This is the finest and most elegant cracker. This cracker is part of the Protestant gentry. He attended Country Day and is a member of the Yacht Club, Oglethorpe Club, Cotillion Club and various other civic organizations.
The Captain's Wafer
This cracker lives on Wilmington/Whitemarsh Island and owns a boat and/or jet skis. He may have attended BC and he may even be a member of the Parade Committee.
The saltiest of the crackers, The Saltine is older and has lived on Tybee Island most of his life. He can be found six nights a week on a stool at Doc's Bar and occasionally at The Quarter. He knows that he is a cracker and just doesn't give a shit.

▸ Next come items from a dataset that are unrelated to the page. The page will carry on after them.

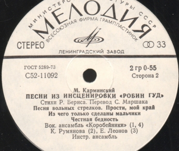 Вы здесьГлавная » КУПИТЬ ВИНИЛОВЫЕ ПЛАСТИНКИ » Песни/Сказки для детей все товары » М. Карминский – Песни Из Инсценировки «Робин Гуд»
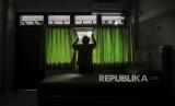 Petugas menutup pintu kamar yang dipersiapkan untuk tempat isolasi mandiri pasien Covid-19 di Graha Wisata TMII, Jakarta, Selasa (29/9). Pemerintah Provinsi DKI Jakarta menetapkan Graha Wisata TMII sebagai tempat isolasi pasien tanpa gejala Covid 19 yang setiap kamarnya diisi oleh dua orang pasien dan tipe barak diisi enam pasien. Republika/Putra M. Akbar (FOTO : Republika/Putra M. Akbar)
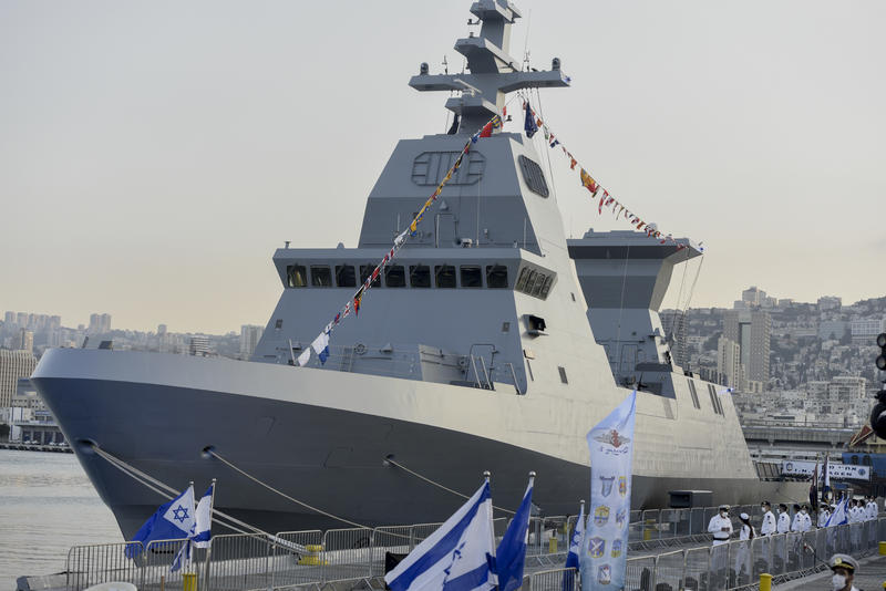 The ceremony celebrating the arrival of first of four new Sa’ar 6 ships in Haifa on December 02, 2020. Photo by Meir Vaknin/Flash90
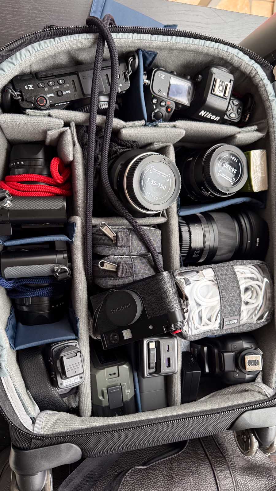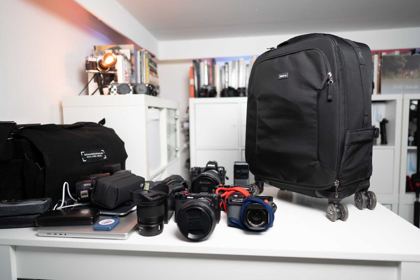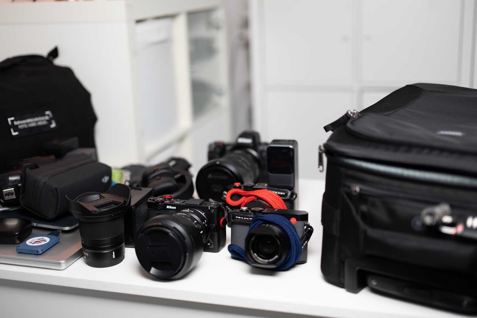 Mehrere Kamerabodys, große Zooms, Akkus, Ladegeräte, Audio-Equipment, Licht, Laptop, Tablet – und das Ganze über mehrere Tage, in Hotels, Konferenzzentren, Bahnhöfen und Eventlocations.
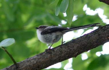 エナガ 2007年5月20日 大阪府豊中市服部緑地公園 群れで渡ってきたのでしょうか、2羽の追いかけ合いなども盛んに見られました。1mぐらいの所まで近づいてとまることもありました。この写真では、何かをくわえています。 トップページへ |
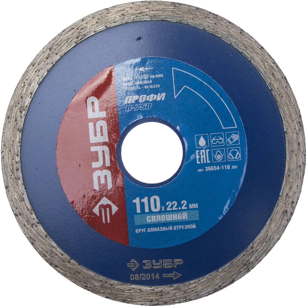 ПроизводителиТ-750 СПЛОШНОЙ 110 мм, диск алмазный отрезной сплошной по керамограниту, мрамору, плитке, ЗУБР Профе

With a tanned, buttery sheen, the Ritz lives in Effingham County, but claims Savannah as his hometown. He too owns a boat and/or jet skis.
The Club Cracker
Any cracker with gelled hair that hangs out at Deja Groove or any other nightclub.
The Wheat Thin
A female cracker, The Wheat Thin has taken good care of herself, and because of her good looks, was able to "marry up" to a higher social status.
The Melba Toast
With a very crunchy texture, The Melba Toast is the hippie of the cracker world. He attends Bonaroo each year and owns hundreds of bootleg Phish and WP concert cassette tapes.
The Lance Cracker
Look up "cracker" in the dictionary and you will find two pictures, one of a pack of Lance vending machine crackers, and the other of a Calvary graduate. Lance crackers come in many varieties, as do Calvary grads, but they are all crackers.